Text labels also remain a useful way to navigate Web sites, although increasingly site design has evolved toward icons and audio prompts.  Managers, in turn, have learned to use audio or video messaging as much as possible with workers, and to make sure that no text message ever contains more than one idea.

In 2025, when a worker actually needs to work with text, easy-to-use dictation, autoparsing and text-to-speech software allows him or her to create, edit and listen to documents without relying on extensive written skills. And any media analyst on Wall Street will confirm that the vast majority of Americans now consume virtually all of their entertainment and information through multimedia channels in which text is either optional or unnecessary. 

In both the 19th and 20th centuries, the ability to read long texts was seen as an unquestioned social good. And back then, the prescription made sense: media technology was limited and in order to take part in both society and workplace, the ability to read books and long articles seemed essential. In 2025, higher-level literacy is probably necessary for only 10 percent of the American population.

It’s worth keeping in mind that reading itself is an inherently artificial human activity, an invention that in evolutionary terms has existed only for a blink of an eye. School districts have wasted billions of dollars in recent decades to correct “reading disabilities” when in fact there is no such thing as “reading ability” to start with. Reading is an artificial construct that is of high value for a very limited set human activities — but by no means all activities.

There is no question that reading is a desirable and often enjoyable skill to possess. In 2025, tens of millions of Americans continue to enjoy books and magazines as recreational pursuits, and this happy habit will undoubtedly remain part of the landscape for generations to come. But just as every citizen is not forcibly trained to enjoy classical music, neither should they be coerced into believing that reading is necessarily pleasurable. For the majority of students, reading and writing are difficult enterprises with limited payoffs in the modern world.

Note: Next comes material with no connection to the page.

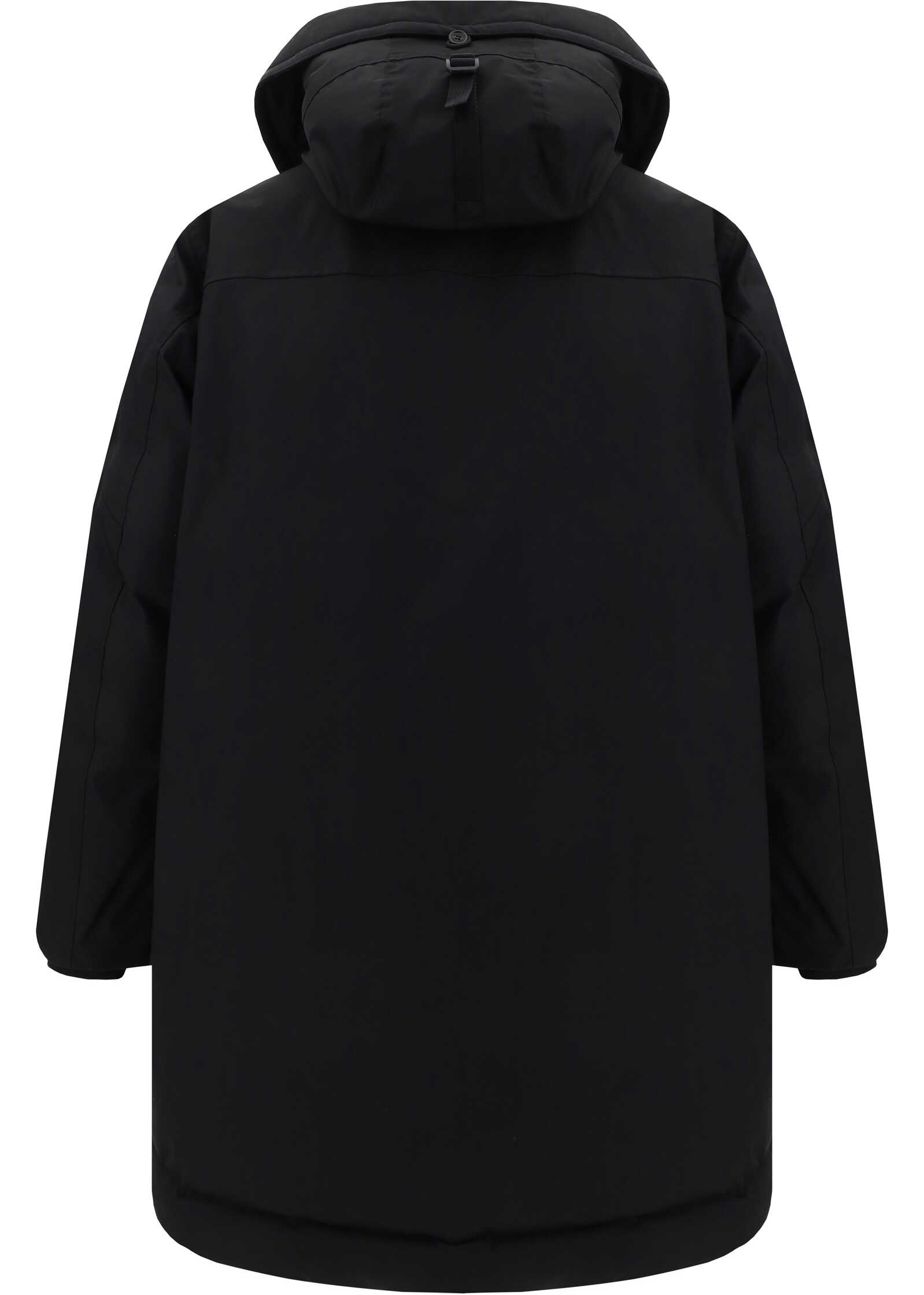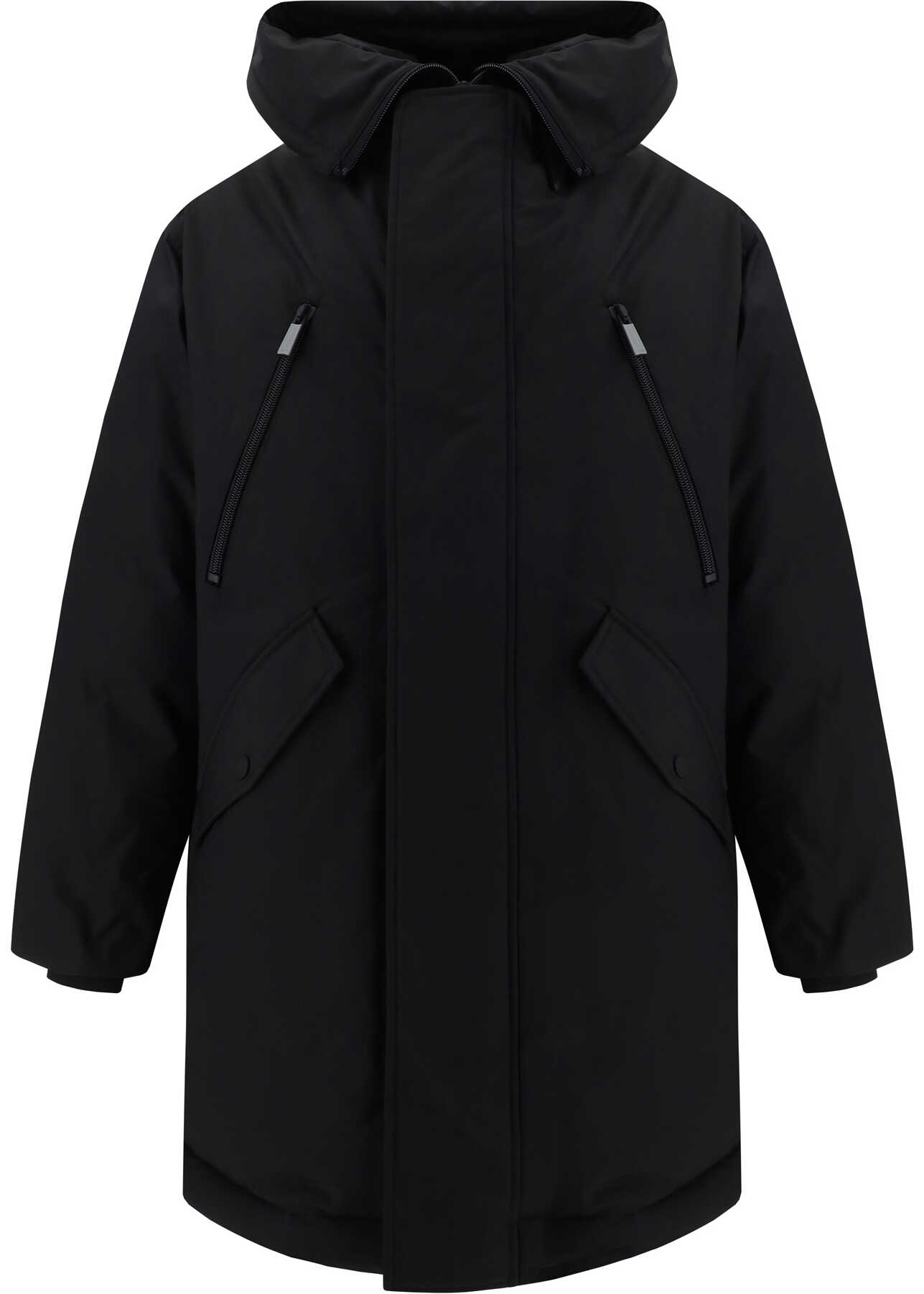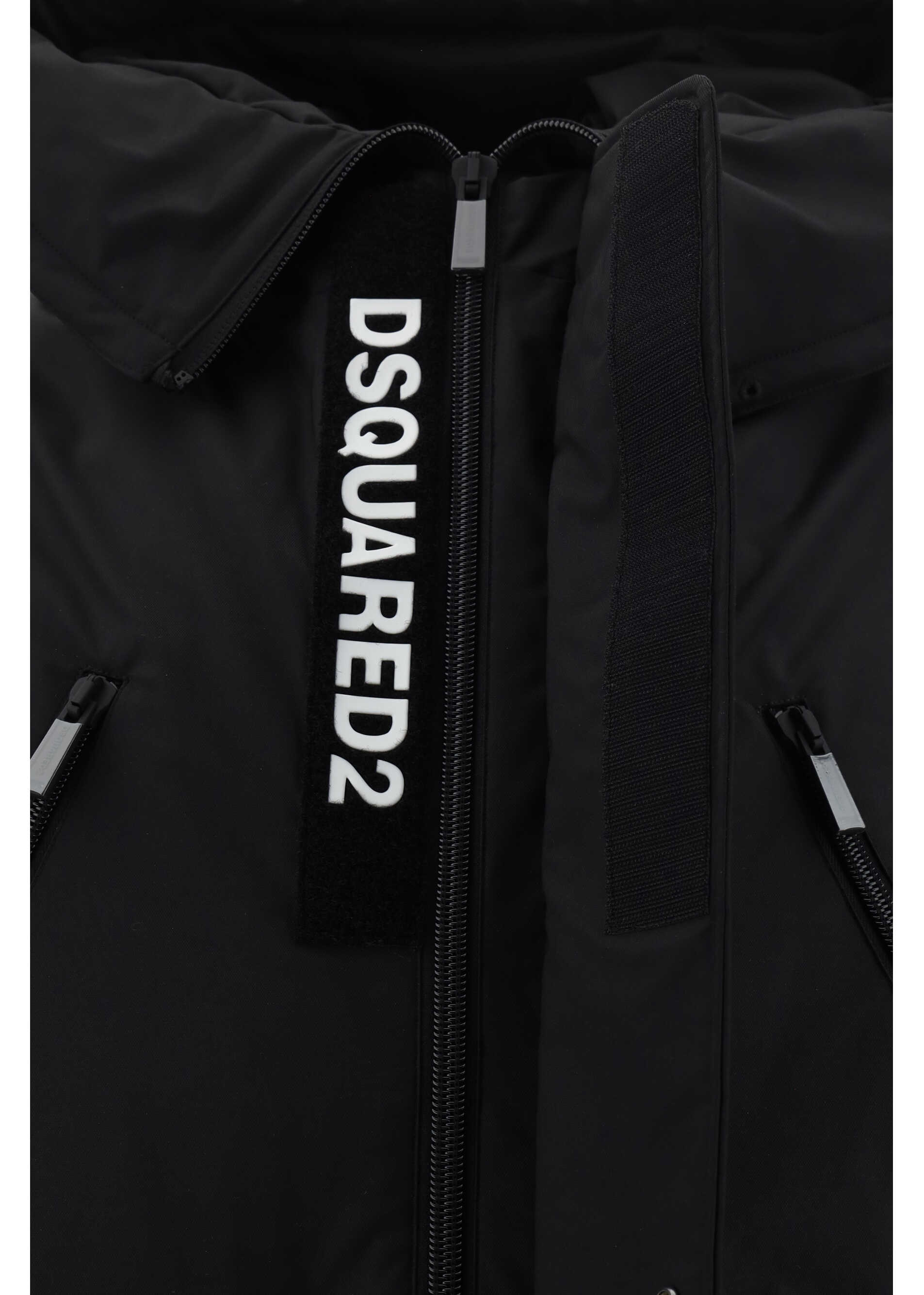 Parka Jacket by Dsquared2, high colo model with hood, front closure by double-slider zipper and snap button flap, two zippered welt pockets on front, two slit pockets with flap on front panel, elastic ribbed cuffs, monochrome pattern, all-over padded design, oversize fit.

Some positions in society do require significant literacy skills: senior managers, screenwriters, scientists and others need a highly efficient way to absorb and communicate abstract thought. A broad written vocabulary and strong compositional skills are also powerful ways to organize and plan large enterprises, whether that means launching a new product, making a movie or creating legislation. But for the vast number of the workers who actually carry out those plans, the same skills are far less crucial. The nation’s leaders must be able to read; for those who follow, the ability should be strictly optional.

We have made at least two generations of American children miserable trying to teach them a skill that only a small percentage of them really need. And we have wasted billions of dollars that might well have gone for more practical education and training. 

In 2025 it’s time to put reading into perspective for the remainder of the 21st century: it is a luxury, not a necessity!